| Data segment |

★ ★ ★ ★ ★

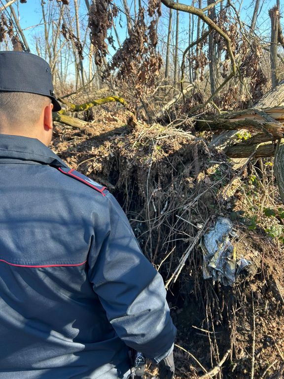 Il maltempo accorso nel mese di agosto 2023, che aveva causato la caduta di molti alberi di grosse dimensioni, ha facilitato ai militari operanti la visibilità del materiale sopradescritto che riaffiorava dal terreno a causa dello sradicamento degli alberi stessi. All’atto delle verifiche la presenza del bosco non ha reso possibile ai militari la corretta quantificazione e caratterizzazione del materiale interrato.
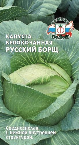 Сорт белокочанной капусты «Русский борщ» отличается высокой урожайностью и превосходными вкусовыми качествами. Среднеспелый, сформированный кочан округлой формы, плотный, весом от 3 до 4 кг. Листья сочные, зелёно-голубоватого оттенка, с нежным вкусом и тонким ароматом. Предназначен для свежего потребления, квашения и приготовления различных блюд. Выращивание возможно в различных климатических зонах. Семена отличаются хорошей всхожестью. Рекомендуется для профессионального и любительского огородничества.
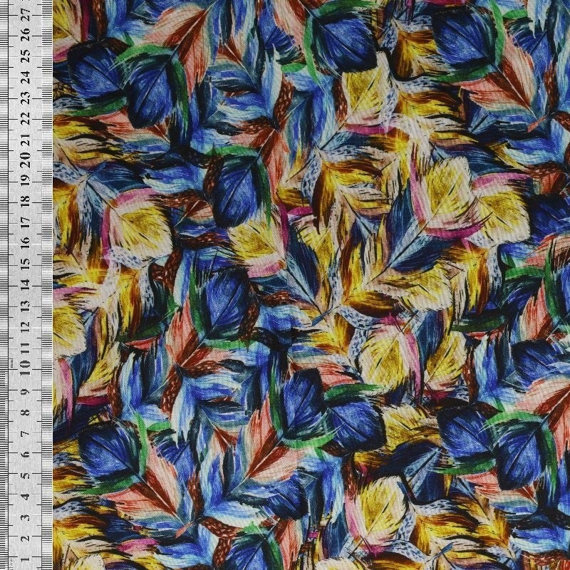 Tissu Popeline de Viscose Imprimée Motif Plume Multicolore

★ ★ ★ ★ ★

| Required work |
What belongs in the answer is each line above, reproduced exactly, and no picture.

| Your solution |
 Il maltempo accorso nel mese di agosto 2023, che aveva causato la caduta di molti alberi di grosse dimensioni, ha facilitato ai militari operanti la visibilità del materiale sopradescritto che riaffiorava dal terreno a causa dello sradicamento degli alberi stessi. All’atto delle verifiche la presenza del bosco non ha reso possibile ai militari la corretta quantificazione e caratterizzazione del materiale interrato.
 Сорт белокочанной капусты «Русский борщ» отличается высокой урожайностью и превосходными вкусовыми качествами. Среднеспелый, сформированный кочан округлой формы, плотный, весом от 3 до 4 кг. Листья сочные, зелёно-голубоватого оттенка, с нежным вкусом и тонким ароматом. Предназначен для свежего потребления, квашения и приготовления различных блюд. Выращивание возможно в различных климатических зонах. Семена отличаются хорошей всхожестью. Рекомендуется для профессионального и любительского огородничества.
 Tissu Popeline de Viscose Imprimée Motif Plume Multicolore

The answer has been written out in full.